Each of these antecedents caused a learned behavior that is unfavourable, and this article suggests some interventions to overcome the bad behavior. For example, in order to override antecedent 2, gain the students’ attention and immediately request something (e.g., a high five), before praising them and providing positive reinforcement. This intervention fits in with the idea of classical conditioning, as the child is rewarded with positive affirmation when they complete a task.

A different study agrees that these antecedent interventions do not work on reinforcement theory, and aim to reduce the probability of unwanted behavior occurring rather than punishing unwanted behavior with consequences. This article similarly agrees with another that setting events and discriminative stimuli are the two antecedent variables, and that both of these can be used in different ways in interventions. For example, behavior that happens due to discriminative stimuli (like a hard mathematics test leading to a student destroying it and being sent to the principal's office) is likely to reoccur again and again (as the child got out of doing the test by performing the behavior).
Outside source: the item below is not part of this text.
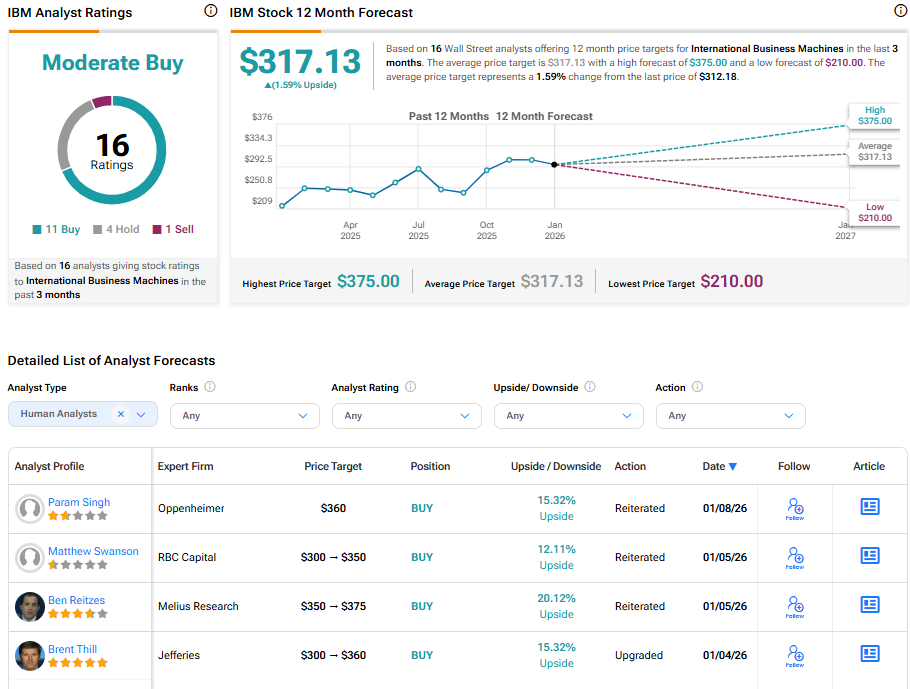 증권가에서 인터내셔널 비즈니스 머신즈는 보통 매수 의견을 받고 있다. IBM 주식의 평균 목표주가는 317.13달러로, 현재 가격 대비 1.59% 상승 여력을 시사한다.
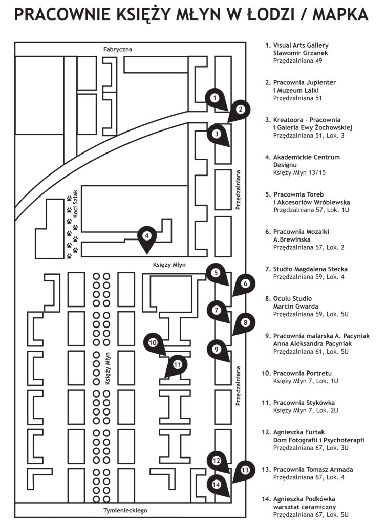 Pracownie Księży Młyn to miejsce, które ożywia artystyczne życie Łodzi. To kilkanaście pracowni artystycznych na terenie zabytkowego i zrewitalizowanego osiedla Księży Młyn. Mieszczą się w murach XIX-wiecznych domów robotniczych, łącząc historyczną industrialną architekturę dawnego imperium fabrycznego Karola Scheiblera ze sztuką współczesną i wysokiej klasy rzemiosłem artystycznym. Każda pracownia snuje swoją unikalną opowieść poprzez różnorodne formy artystycznego wyrazu, takie jak: malarstwo, grafika, kolaż, plakat, fotografia, moda, biżuteria czy ceramika.

To counter this, the article, suggests that the environment should be rearranged in some way so as not to provoke the individual. Changing the antecedent from a hard maths test to an easier or shorter one, or warning the child prior, had a positive effect on the behavior observed.

There are still questions surrounding the role of antecedent interventions within society, as they are relatively new and not a lot is known about its applicability cross-culturally. However, it is evident that there is potential for antecedents to be used in behavioral interventions, and they have been proven to positively influence behaviors like self-injury and aggression.